**PROBLEM:**
All of the records below are to be output exactly; no image belongs in the result.

[Stored dataset items]
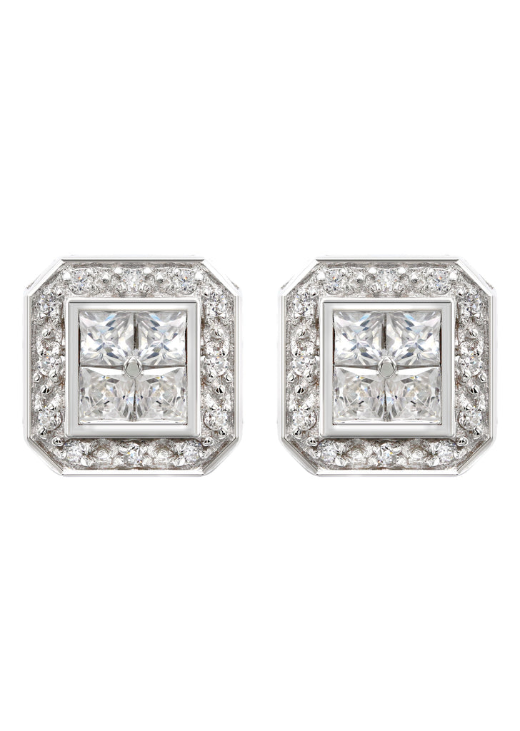 Silver Square Halo Clear CZ Stud Earrings | Appx. 5 Grams
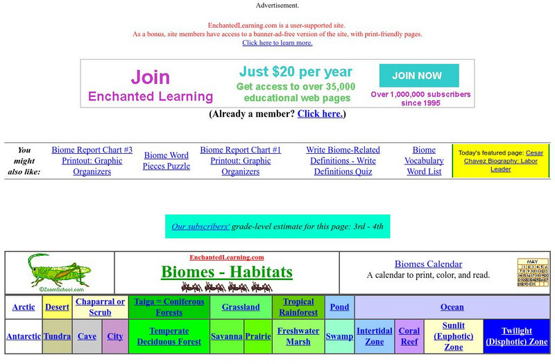 This excellent resource explores all of the biomes found on planet Earth! A side menu indicates the world's biomes and provides details on each. Colorful interactive maps, video clips, lesson plans, species profiles, and so much more...
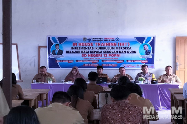 MediaSuaraMabes, Melawi Kalbar – Bhabinkamtibmas Polsek Ella Hilir Bripka Maskur,S.Ap.,menghadiri kegiatan Implementasi Kurikulum Merdeka Belajar Bagi Kepala Sekolah dan Guru di Aula SDN 13 Desa Popai Kecamatan Ella Hilir.
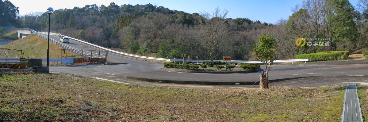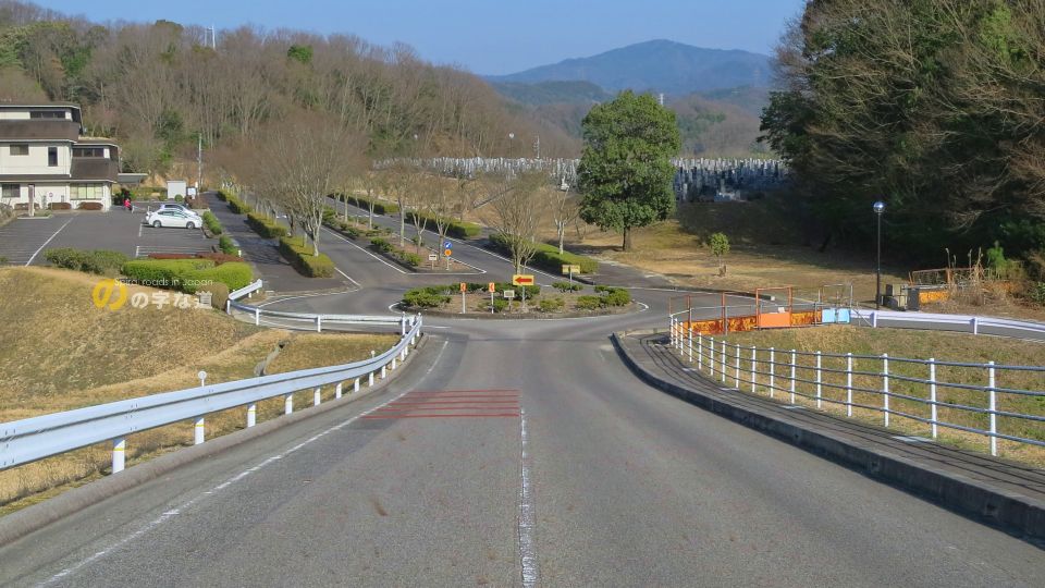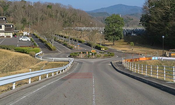 豊田市の公営墓地である古瀬間墓園が開設されたのは1977(昭和52)年頃であるが、それから長らくは南側入口(県道487号に接続する道路)のみ使われてきた。その後の園地拡張によりアクセス道路の増設が必要と判断されたのか、1987(昭和62)年頃に西側の市道に接続する道路が作られ、このときにロータリー交差点が設けられた。
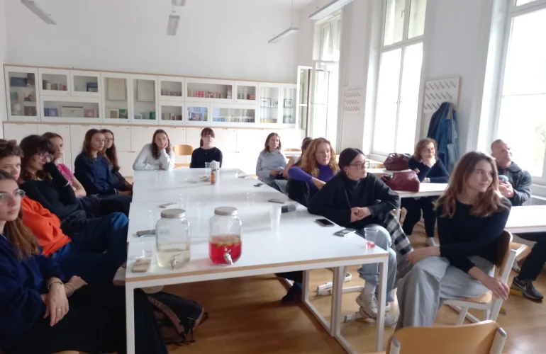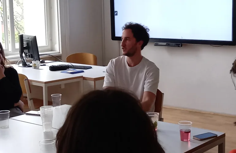 NazajGalerija G+ in uredništvo revije Pravi kot sta 17. aprila na šoli v pogovoru gostila nekdanjega poljanca, uspešnega in vizualno prepoznavnega grafičnega oblikovalca Nejca Praha.
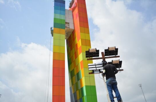 Se trata de un monumento de 47 metros de altura, constituido en dos columnas por 2.000 metros cuadrados de vidrios laminados en colores rojo, amarillo, verde, azul y blanco: La estructura demandó 80 toneladas de estructuras metálicas, 10 toneladas de aluminio y 510 metros cúbicos de concreto.
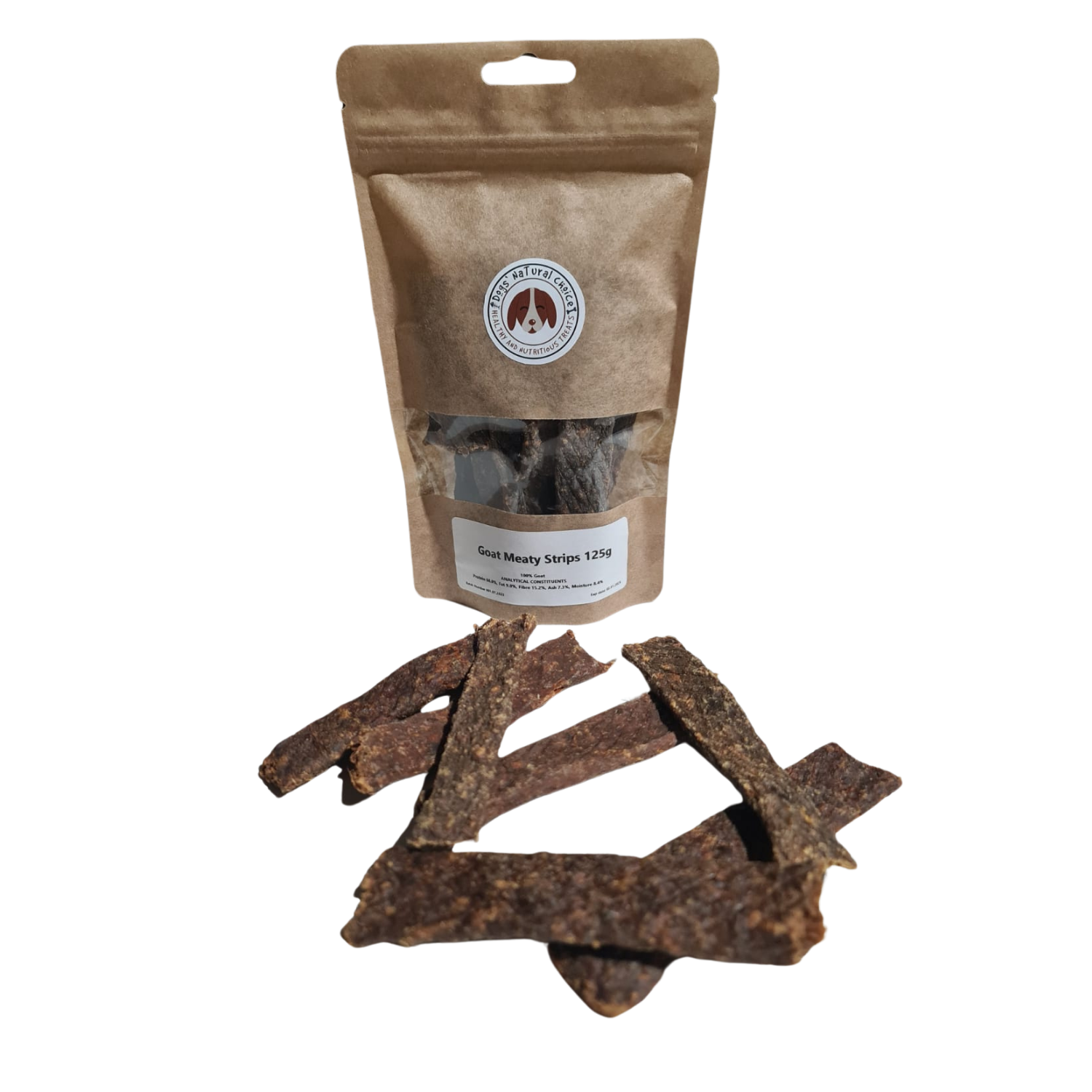 Measuring around 12cm in length, their soft texture ensures gentle chewing, suitable for dogs of all sizes and ages. Whether used as a reward or for training, our Natural Goat Meaty Strips are destined to become a beloved favourite in your dog's treat collection, delivering both nourishment and satisfaction. Treat your loyal companion to the premium goodness they deserve today!

**ANSWER TO THIS EXERCISE:**
 Silver Square Halo Clear CZ Stud Earrings | Appx. 5 Grams
 This excellent resource explores all of the biomes found on planet Earth! A side menu indicates the world's biomes and provides details on each. Colorful interactive maps, video clips, lesson plans, species profiles, and so much more...
 MediaSuaraMabes, Melawi Kalbar – Bhabinkamtibmas Polsek Ella Hilir Bripka Maskur,S.Ap.,menghadiri kegiatan Implementasi Kurikulum Merdeka Belajar Bagi Kepala Sekolah dan Guru di Aula SDN 13 Desa Popai Kecamatan Ella Hilir.
 豊田市の公営墓地である古瀬間墓園が開設されたのは1977(昭和52)年頃であるが、それから長らくは南側入口(県道487号に接続する道路)のみ使われてきた。その後の園地拡張によりアクセス道路の増設が必要と判断されたのか、1987(昭和62)年頃に西側の市道に接続する道路が作られ、このときにロータリー交差点が設けられた。
 NazajGalerija G+ in uredništvo revije Pravi kot sta 17. aprila na šoli v pogovoru gostila nekdanjega poljanca, uspešnega in vizualno prepoznavnega grafičnega oblikovalca Nejca Praha.
 Se trata de un monumento de 47 metros de altura, constituido en dos columnas por 2.000 metros cuadrados de vidrios laminados en colores rojo, amarillo, verde, azul y blanco: La estructura demandó 80 toneladas de estructuras metálicas, 10 toneladas de aluminio y 510 metros cúbicos de concreto.
 Measuring around 12cm in length, their soft texture ensures gentle chewing, suitable for dogs of all sizes and ages. Whether used as a reward or for training, our Natural Goat Meaty Strips are destined to become a beloved favourite in your dog's treat collection, delivering both nourishment and satisfaction. Treat your loyal companion to the premium goodness they deserve today!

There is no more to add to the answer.